Karl Benson: “I don’t know if there were concerns, I think some reluctance was a better term. The reluctance was to go outside the footprint. When I left the WAC and came into the Sun Belt to reshape the Sun Belt, the focus was on establishing a footprint. And, even though we were going to be from Texas to Florida, we at least wanted to create divisions. We created the western division at six, and we were going to have six in the east. And then that got blown up. So then, we lost Florida Atlantic and Middle Tennessee a year ago about this time. So that kind of changed our strategy.”
“What really led to the decision to add Idaho was the creation of the college football playoff and how the Sun Belt was going to position itself within that with our peer conferences. Those other four who we are going to compete with for that automatic spot, those other four are going to be doing a conference championship game. And so, the year before we specifically decided not to go to 12 teams for football and to stay at 10 and build within that and we didn’t look at a 12 team conference as being that valuable.”
“But once the change happened, my recommendation was we needed to get to 12. The day we added Appalachian State and Georgia Southern in the morning and New Mexico State and Idaho in the afternoon as football only, that was driven by the need to get to a conference championship game. Then we lost Western Kentucky, so next year we’re an 11 team league in 2014.”

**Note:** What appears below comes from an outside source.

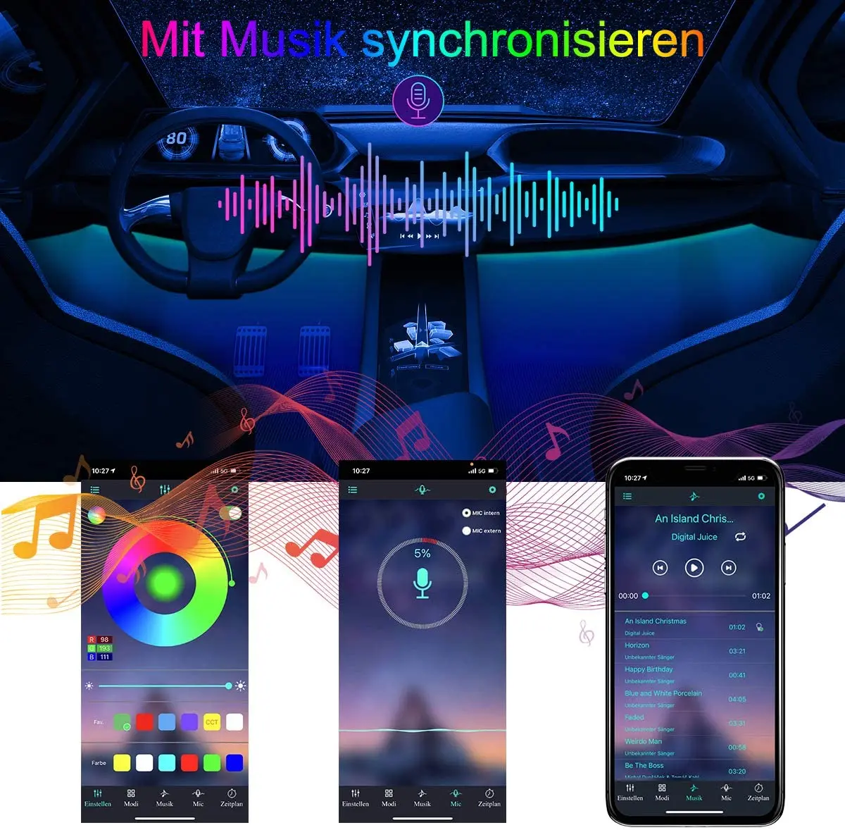 10 в 1 автомобильные атмосферные огни USB RGB светодиодные ленты с дистанционным управлением APP для авто интерьерная декоративная приборная панель неоновая лампа автомобильные аксессуары 12 В

“And the fact that they were the current FBS members, we put value on that. The geography we looked past, and thought there was a need to have FBS membership with us. So even though some reluctance, we looked beyond geography and media market.”
Kramer: James Madison has just released their FBS feasibility study, and have been linked many times as a potential Sun Belt member. Are they a player to potentially join the Sun Belt?
Benson: “Liberty has already declared their desire to go FBS, they’re just waiting for the invitation. As has Jacksonville State and Alabama State have expressed their desire. James Madison has gone through that, they expect after the first of the year they will reach a decision whether to make the move to FBS. If they do, the question is what conference will they align with. We certainly would be interested to have that conversation. But it’s several months off. And the earliest anything could happen would be for 2015.”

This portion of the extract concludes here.